Currently, Chicago has the largest such programme in the United States, which consists, in practical terms, of persons arrested for drug use being handed over by the police to a specialised medical service provider. This means giving them the opportunity for rehabilitation, such as therapy. In addition, the NGO running the programme also helps drug addicts to overcome the disadvantages often associated with regular drug use. For example, if they need to find a place to live or replace a lost ID card.  

Panka Bencsik and her fellow researchers are mainly looking at who is eligible for participation in the programme and what the impact of this lifeline is on their lives: “The vast majority of the participants in the health programme have been daily drug users for decades. So the programme is also very successful in the sense that it really reaches active drug users. We also see that those who have participated are less likely to commit drug-related or other violent crimes in the years to come. So, indirectly, the neighbourhood will also be safer thanks to this health programme.”  
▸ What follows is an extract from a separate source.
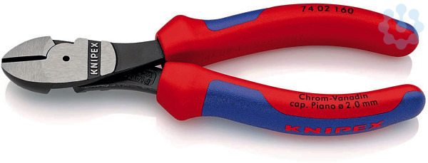 74 02 160 Kraft-Seitenschneider Für härteste, dauerhafte Beanspruchung. Hohe Schneidleistung bei geringem Kraftaufwand durch optimale Abstimmung von Schneidenwinkel und Übersetzungsverhältnis. Präzisionsschneiden zusätzlich induktiv gehärtet, (Schneidenhärte ca. 64 HRC) für alle Drahtsorten einschließlich Pianodraht. - Schneidwerte mittelharter Draht (Durchmesser): Ø 3,4mm - Schneidwerte harter Draht (Durchmesser): Ø 2,5mm - Schneidwerte Pianodraht (Durchmesser): Ø 2,0mm

Although she is very enthusiastic about the research findings, she says she is just as keen to teach at Vanderbilt University in the US. As for balancing teaching and research activities, she says she has no problem reconciling the two, and enjoys the relative freedom her current job gives her in teaching: “When I arrived at Vanderbilt, my department head asked me which subject I would most like to teach, if I could choose. I told him that I would like to create a new subject on the economics of mental health. He said great, then do it.” – says Panka.  

She spent a summer writing the curriculum and in the autumn she started teaching her new subject to students, which became so popular that she recently received a Dean’s Award.  

As a teacher and researcher, Panka Bencsik is also passionate about the impact of mental health on the economy: “I think it will become an increasingly important area within health economics. British data, for example, show that in recent years burnout and depression are the primary reasons for which employees take sick leave.” This is one of the reasons why, under the auspices of the International Health Economics Association, she founded the Mental Health Economics Special Interest Group in 2019, which brings together health economists interested in the topic and provides them with various professional forums for joint research.